If the file is small, read () One-time reading is the most convenient, if the file size can not be determined, repeated calls to read(size) compare insurance, if it is a configuration file, call ReadLines () the most convenient:
For line in F.readlines ():p rocess (line) #
Chunked Read
Processing large files is easy to think of is to divide large files into small file processing, after processing each small file to release the portion of memory. ITER and yield are used here:
def read_in_chunks (FilePath, chunk_size=1024*1024): "" "Lazy function (generator) to read a file piece by piece. Default Chunk Size:1myou can set your own chunk size "" "File_object = Open (filePath) while true:chunk_data = File_object.re AD (chunk_size) if not chunk_data:breakyield chunk_dataif __name__ = = "__main__": FilePath = './path/filename ' for chunk in R Ead_in_chunks (FilePath):p rocess (chunk) # <do something with chunk>
Use with open ()
The With statement opens and closes the file, including throwing an inner block exception. The for line in F file object F is treated as an iterator that automatically uses buffered IO and memory management, so you don't have to worry about large files.
The code is as follows:
#If the file is line Basedwith open (...) as F:for line in f:process (line) # <do something with line>
Optimization
There is no problem with using the with open for large data with millions of rows, but the differences in the parameters also lead to different efficiencies.

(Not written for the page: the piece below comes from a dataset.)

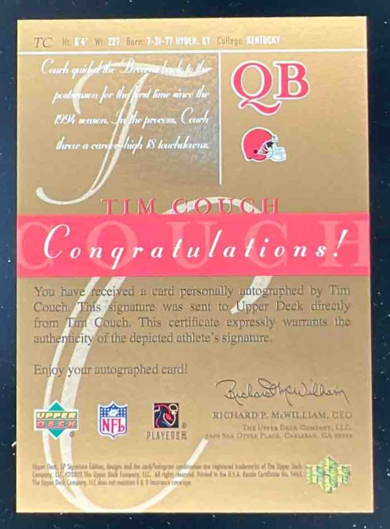 2003 SP Signature Edition Autographs Red Ink #TC Tim Couch Auto /100
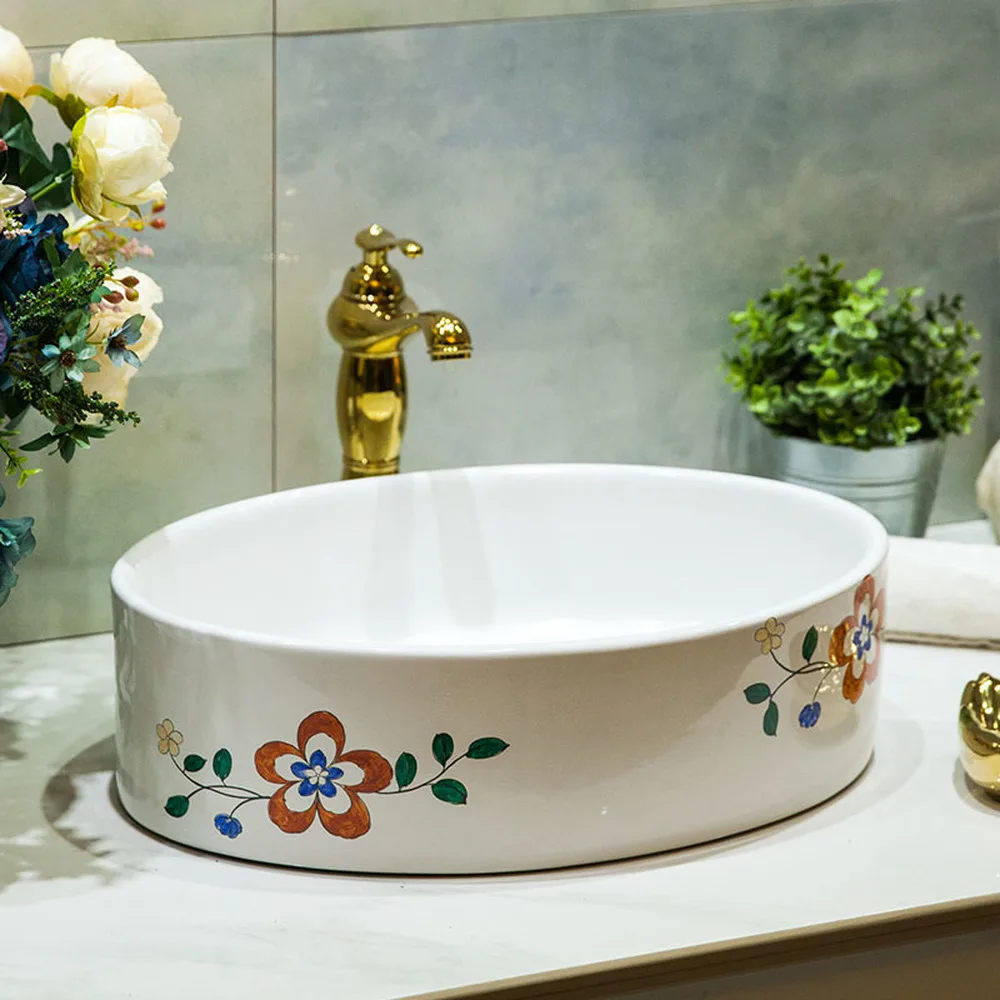 وانت debido aشراء Bathroom Vanities, en ese momento الحمام فوق مكافحة حوض السيراميك الحمام الغرور الحمام بالوعة حوض رسمت باليد زهرة النواة LO620220 tal vez introducir love

The efficiency of the test is "RB" when the first parameter is 6 times times the "R". As a binary read is still the fastest mode.
with open (filename, "RB") as F: for fline in F: Pass
Test Result: The RB mode is the fastest, 100w line full traversal 2.9 seconds. Basic ability to meet the requirements of large file processing efficiency. If reading from RB (secondary read) is changed to R (read mode), it is 5-6 times slower.
Conclusion
When using Python for large file reading, you should let the system to handle, the simplest way, to the interpreter, to manage their own work is OK. At the same time, according to different requirements can choose different reading parameters to further achieve higher performance.